Two lines in the data below mark the range: the one with "这样的时间曲线比普通的标量规" and the one with "Jednodřezový žulový dřez". Return both, along with every line between them, exactly.

______

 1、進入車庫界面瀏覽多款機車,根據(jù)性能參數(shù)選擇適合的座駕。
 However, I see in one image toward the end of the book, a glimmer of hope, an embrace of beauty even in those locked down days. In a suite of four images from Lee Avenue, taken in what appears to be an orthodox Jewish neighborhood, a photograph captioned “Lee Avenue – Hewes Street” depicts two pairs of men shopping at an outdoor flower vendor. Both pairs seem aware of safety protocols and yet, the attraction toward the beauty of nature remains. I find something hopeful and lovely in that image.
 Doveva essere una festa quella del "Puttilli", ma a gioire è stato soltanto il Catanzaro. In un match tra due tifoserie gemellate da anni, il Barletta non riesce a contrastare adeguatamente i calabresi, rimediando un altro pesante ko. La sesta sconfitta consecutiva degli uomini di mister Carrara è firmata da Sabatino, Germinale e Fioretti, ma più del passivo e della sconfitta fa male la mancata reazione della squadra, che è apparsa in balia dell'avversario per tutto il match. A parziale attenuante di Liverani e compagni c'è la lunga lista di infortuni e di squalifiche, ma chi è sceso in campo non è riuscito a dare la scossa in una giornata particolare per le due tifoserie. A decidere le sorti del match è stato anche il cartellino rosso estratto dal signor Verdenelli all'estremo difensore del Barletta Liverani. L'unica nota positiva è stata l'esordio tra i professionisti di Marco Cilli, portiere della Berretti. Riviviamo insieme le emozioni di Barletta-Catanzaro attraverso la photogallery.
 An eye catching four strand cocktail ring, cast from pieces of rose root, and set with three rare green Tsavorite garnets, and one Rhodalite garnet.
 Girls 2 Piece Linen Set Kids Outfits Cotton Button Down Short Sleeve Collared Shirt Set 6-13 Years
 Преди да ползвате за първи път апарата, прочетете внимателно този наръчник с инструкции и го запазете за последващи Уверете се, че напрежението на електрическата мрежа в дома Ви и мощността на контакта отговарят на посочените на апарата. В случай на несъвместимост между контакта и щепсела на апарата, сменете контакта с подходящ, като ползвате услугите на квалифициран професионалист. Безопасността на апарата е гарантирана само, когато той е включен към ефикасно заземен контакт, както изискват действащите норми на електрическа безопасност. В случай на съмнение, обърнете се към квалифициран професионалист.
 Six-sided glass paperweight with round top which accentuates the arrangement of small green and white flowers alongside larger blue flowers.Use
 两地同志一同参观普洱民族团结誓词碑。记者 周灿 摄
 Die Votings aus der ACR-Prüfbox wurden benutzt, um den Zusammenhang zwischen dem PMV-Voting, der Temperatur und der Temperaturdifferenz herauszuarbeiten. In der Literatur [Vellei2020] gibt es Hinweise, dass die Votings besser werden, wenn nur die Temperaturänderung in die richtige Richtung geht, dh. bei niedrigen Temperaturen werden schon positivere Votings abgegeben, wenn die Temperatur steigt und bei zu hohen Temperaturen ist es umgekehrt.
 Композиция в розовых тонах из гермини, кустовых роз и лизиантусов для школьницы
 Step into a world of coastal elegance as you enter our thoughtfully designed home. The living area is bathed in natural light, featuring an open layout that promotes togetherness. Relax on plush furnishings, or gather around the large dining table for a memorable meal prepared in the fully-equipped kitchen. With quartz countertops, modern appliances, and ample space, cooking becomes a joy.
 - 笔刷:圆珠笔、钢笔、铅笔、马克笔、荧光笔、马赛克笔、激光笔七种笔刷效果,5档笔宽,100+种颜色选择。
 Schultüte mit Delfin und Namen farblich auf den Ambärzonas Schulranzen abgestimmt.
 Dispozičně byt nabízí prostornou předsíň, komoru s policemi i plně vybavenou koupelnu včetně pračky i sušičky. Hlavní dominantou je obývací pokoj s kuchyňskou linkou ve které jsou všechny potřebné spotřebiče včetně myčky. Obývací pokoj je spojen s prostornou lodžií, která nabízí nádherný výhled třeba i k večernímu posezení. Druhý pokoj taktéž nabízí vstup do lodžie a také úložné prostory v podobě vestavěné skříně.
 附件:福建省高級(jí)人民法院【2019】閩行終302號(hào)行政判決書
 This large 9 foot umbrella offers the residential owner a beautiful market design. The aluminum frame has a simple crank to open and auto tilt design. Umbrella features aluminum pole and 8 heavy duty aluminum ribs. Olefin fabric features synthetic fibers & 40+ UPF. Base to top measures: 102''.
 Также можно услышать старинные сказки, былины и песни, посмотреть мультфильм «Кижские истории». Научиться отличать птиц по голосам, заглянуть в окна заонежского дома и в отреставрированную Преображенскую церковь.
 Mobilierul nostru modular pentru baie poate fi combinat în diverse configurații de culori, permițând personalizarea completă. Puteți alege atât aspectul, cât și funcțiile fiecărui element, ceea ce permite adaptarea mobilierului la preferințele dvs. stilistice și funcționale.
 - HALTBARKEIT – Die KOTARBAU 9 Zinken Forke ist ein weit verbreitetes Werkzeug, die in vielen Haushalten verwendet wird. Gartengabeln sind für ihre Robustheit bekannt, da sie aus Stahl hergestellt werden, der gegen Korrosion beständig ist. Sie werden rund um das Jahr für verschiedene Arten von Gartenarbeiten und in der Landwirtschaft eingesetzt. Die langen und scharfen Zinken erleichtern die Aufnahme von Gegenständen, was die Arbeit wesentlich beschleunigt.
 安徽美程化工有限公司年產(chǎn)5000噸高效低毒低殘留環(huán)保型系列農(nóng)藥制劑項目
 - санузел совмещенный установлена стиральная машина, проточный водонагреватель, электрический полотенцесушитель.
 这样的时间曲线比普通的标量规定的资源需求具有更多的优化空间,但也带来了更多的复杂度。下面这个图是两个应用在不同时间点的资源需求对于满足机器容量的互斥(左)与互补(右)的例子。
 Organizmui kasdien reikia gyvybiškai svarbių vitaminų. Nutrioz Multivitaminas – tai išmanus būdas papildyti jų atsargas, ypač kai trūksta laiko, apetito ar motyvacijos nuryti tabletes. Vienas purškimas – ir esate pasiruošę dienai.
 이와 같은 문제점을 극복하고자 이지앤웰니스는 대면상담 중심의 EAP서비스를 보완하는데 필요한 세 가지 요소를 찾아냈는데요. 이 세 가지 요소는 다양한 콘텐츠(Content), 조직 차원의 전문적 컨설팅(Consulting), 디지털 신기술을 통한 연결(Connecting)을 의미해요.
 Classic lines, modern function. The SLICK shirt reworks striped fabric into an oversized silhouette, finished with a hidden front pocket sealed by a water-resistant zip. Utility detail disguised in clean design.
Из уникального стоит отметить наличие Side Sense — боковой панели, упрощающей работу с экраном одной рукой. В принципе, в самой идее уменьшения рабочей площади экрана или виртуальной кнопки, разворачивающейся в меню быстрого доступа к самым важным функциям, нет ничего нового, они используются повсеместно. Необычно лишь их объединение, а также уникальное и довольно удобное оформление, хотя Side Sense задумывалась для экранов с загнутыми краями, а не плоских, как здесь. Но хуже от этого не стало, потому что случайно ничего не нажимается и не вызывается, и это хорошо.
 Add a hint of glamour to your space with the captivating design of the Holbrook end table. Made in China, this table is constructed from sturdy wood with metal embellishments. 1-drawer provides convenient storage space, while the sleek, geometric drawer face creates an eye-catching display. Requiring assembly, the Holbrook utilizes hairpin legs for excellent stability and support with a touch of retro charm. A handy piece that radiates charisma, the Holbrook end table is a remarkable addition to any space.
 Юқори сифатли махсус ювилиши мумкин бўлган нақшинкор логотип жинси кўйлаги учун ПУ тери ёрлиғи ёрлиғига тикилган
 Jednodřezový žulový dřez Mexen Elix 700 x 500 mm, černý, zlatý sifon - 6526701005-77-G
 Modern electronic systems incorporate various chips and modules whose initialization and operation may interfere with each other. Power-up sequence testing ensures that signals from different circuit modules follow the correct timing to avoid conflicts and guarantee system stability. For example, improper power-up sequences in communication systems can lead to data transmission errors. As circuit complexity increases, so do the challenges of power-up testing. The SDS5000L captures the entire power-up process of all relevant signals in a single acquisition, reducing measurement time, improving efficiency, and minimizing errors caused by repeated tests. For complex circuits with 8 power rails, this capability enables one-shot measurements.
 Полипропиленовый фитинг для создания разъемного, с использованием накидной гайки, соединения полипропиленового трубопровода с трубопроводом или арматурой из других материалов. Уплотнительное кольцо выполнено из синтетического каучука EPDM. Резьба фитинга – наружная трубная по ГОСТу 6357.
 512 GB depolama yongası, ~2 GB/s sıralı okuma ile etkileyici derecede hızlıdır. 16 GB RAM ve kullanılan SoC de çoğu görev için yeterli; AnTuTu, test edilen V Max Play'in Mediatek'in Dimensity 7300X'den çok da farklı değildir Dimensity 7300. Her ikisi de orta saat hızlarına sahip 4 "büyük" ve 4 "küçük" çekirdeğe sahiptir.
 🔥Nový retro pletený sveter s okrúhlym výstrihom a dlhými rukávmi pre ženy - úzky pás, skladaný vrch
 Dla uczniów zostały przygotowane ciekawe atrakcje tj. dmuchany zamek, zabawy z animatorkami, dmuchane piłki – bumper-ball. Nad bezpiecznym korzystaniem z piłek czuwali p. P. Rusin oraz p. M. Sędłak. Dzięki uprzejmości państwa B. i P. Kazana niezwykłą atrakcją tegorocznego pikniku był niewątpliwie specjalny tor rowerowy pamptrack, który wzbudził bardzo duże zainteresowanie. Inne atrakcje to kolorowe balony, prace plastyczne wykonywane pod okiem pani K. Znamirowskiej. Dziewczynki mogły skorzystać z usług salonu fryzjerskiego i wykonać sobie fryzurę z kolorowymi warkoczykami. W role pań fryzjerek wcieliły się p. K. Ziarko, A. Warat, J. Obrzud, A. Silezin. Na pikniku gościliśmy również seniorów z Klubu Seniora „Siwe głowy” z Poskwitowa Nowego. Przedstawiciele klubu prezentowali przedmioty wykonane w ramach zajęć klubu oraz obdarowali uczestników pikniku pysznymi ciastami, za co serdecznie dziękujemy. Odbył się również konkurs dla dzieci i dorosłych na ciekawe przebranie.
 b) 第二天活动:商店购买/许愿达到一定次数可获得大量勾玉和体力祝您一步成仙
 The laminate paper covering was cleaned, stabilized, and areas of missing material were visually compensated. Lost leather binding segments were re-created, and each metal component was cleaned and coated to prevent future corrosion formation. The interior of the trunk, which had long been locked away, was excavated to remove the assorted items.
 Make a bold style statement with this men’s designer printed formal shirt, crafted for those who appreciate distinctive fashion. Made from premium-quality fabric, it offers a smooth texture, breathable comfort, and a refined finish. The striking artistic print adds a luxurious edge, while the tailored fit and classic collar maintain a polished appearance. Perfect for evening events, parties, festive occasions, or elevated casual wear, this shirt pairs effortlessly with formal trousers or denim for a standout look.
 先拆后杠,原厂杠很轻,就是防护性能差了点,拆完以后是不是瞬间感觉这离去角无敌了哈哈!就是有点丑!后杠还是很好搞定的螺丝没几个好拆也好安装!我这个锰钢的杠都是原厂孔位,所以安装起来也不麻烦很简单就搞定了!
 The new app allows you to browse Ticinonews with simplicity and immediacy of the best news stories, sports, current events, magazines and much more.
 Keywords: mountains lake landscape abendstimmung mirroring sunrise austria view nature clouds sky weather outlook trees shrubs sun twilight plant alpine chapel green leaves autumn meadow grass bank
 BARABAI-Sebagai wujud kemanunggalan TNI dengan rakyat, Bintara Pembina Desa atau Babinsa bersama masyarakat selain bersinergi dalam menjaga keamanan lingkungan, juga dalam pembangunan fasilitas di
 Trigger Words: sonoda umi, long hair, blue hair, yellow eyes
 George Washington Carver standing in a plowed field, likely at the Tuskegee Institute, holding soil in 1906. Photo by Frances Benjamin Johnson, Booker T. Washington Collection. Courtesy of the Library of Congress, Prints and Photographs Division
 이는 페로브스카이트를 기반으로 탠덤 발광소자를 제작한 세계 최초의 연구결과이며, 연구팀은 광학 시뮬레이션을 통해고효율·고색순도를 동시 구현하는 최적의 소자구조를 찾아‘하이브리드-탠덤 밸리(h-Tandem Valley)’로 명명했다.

______

◆ **Exercise output**:
 这样的时间曲线比普通的标量规定的资源需求具有更多的优化空间,但也带来了更多的复杂度。下面这个图是两个应用在不同时间点的资源需求对于满足机器容量的互斥(左)与互补(右)的例子。
 Organizmui kasdien reikia gyvybiškai svarbių vitaminų. Nutrioz Multivitaminas – tai išmanus būdas papildyti jų atsargas, ypač kai trūksta laiko, apetito ar motyvacijos nuryti tabletes. Vienas purškimas – ir esate pasiruošę dienai.
 이와 같은 문제점을 극복하고자 이지앤웰니스는 대면상담 중심의 EAP서비스를 보완하는데 필요한 세 가지 요소를 찾아냈는데요. 이 세 가지 요소는 다양한 콘텐츠(Content), 조직 차원의 전문적 컨설팅(Consulting), 디지털 신기술을 통한 연결(Connecting)을 의미해요.
 Classic lines, modern function. The SLICK shirt reworks striped fabric into an oversized silhouette, finished with a hidden front pocket sealed by a water-resistant zip. Utility detail disguised in clean design.
Из уникального стоит отметить наличие Side Sense — боковой панели, упрощающей работу с экраном одной рукой. В принципе, в самой идее уменьшения рабочей площади экрана или виртуальной кнопки, разворачивающейся в меню быстрого доступа к самым важным функциям, нет ничего нового, они используются повсеместно. Необычно лишь их объединение, а также уникальное и довольно удобное оформление, хотя Side Sense задумывалась для экранов с загнутыми краями, а не плоских, как здесь. Но хуже от этого не стало, потому что случайно ничего не нажимается и не вызывается, и это хорошо.
 Add a hint of glamour to your space with the captivating design of the Holbrook end table. Made in China, this table is constructed from sturdy wood with metal embellishments. 1-drawer provides convenient storage space, while the sleek, geometric drawer face creates an eye-catching display. Requiring assembly, the Holbrook utilizes hairpin legs for excellent stability and support with a touch of retro charm. A handy piece that radiates charisma, the Holbrook end table is a remarkable addition to any space.
 Юқори сифатли махсус ювилиши мумкин бўлган нақшинкор логотип жинси кўйлаги учун ПУ тери ёрлиғи ёрлиғига тикилган
 Jednodřezový žulový dřez Mexen Elix 700 x 500 mm, černý, zlatý sifon - 6526701005-77-G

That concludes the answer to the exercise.